Within the data that follows, set down exactly the lines from the one containing "Download the results" through the one containing "見どころ➂|心ときめく「造作洗面台」と「アールの垂れ壁」", both ends included.

Data for this exercise
-*-

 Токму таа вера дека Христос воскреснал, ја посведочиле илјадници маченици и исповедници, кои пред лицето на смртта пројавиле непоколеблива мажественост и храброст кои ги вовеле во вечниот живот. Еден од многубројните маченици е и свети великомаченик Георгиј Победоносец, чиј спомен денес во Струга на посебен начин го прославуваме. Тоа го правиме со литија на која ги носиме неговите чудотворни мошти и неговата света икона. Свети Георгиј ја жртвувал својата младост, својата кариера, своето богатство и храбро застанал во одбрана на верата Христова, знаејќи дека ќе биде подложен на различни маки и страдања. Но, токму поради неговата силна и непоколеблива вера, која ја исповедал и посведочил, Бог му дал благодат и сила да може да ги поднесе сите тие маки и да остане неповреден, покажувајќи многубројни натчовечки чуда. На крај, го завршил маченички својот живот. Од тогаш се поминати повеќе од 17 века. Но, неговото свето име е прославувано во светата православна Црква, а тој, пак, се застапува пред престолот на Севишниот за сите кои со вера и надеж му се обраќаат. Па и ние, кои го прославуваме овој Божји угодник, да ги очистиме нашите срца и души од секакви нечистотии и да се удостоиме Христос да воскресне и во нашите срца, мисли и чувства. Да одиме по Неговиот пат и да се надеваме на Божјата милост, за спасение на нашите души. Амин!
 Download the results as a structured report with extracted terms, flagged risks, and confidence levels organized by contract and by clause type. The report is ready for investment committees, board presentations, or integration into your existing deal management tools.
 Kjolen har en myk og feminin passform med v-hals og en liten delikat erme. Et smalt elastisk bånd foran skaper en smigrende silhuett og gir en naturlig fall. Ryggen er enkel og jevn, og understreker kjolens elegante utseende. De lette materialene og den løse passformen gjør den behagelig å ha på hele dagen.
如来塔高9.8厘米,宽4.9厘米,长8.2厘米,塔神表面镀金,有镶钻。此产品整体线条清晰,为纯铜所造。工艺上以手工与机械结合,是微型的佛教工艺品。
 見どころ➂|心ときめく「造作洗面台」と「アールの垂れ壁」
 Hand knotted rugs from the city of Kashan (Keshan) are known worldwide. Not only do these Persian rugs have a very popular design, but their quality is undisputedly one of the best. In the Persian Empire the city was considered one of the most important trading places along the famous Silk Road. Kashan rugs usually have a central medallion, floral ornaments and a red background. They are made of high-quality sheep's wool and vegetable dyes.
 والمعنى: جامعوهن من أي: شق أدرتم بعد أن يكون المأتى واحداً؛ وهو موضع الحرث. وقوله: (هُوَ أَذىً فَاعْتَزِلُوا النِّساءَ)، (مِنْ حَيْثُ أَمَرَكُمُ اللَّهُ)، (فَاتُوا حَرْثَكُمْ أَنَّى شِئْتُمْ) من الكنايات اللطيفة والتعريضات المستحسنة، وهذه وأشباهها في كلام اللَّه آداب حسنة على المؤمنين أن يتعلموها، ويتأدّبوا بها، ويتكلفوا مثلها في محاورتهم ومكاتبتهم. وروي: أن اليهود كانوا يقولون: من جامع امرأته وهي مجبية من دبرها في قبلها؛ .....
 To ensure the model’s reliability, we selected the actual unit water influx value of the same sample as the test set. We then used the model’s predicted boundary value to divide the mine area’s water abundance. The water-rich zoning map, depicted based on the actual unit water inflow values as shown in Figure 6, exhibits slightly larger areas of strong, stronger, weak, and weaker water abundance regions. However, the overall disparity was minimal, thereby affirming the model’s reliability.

-*-

Answer section
 Download the results as a structured report with extracted terms, flagged risks, and confidence levels organized by contract and by clause type. The report is ready for investment committees, board presentations, or integration into your existing deal management tools.
 Kjolen har en myk og feminin passform med v-hals og en liten delikat erme. Et smalt elastisk bånd foran skaper en smigrende silhuett og gir en naturlig fall. Ryggen er enkel og jevn, og understreker kjolens elegante utseende. De lette materialene og den løse passformen gjør den behagelig å ha på hele dagen.
如来塔高9.8厘米,宽4.9厘米,长8.2厘米,塔神表面镀金,有镶钻。此产品整体线条清晰,为纯铜所造。工艺上以手工与机械结合,是微型的佛教工艺品。
 見どころ➂|心ときめく「造作洗面台」と「アールの垂れ壁」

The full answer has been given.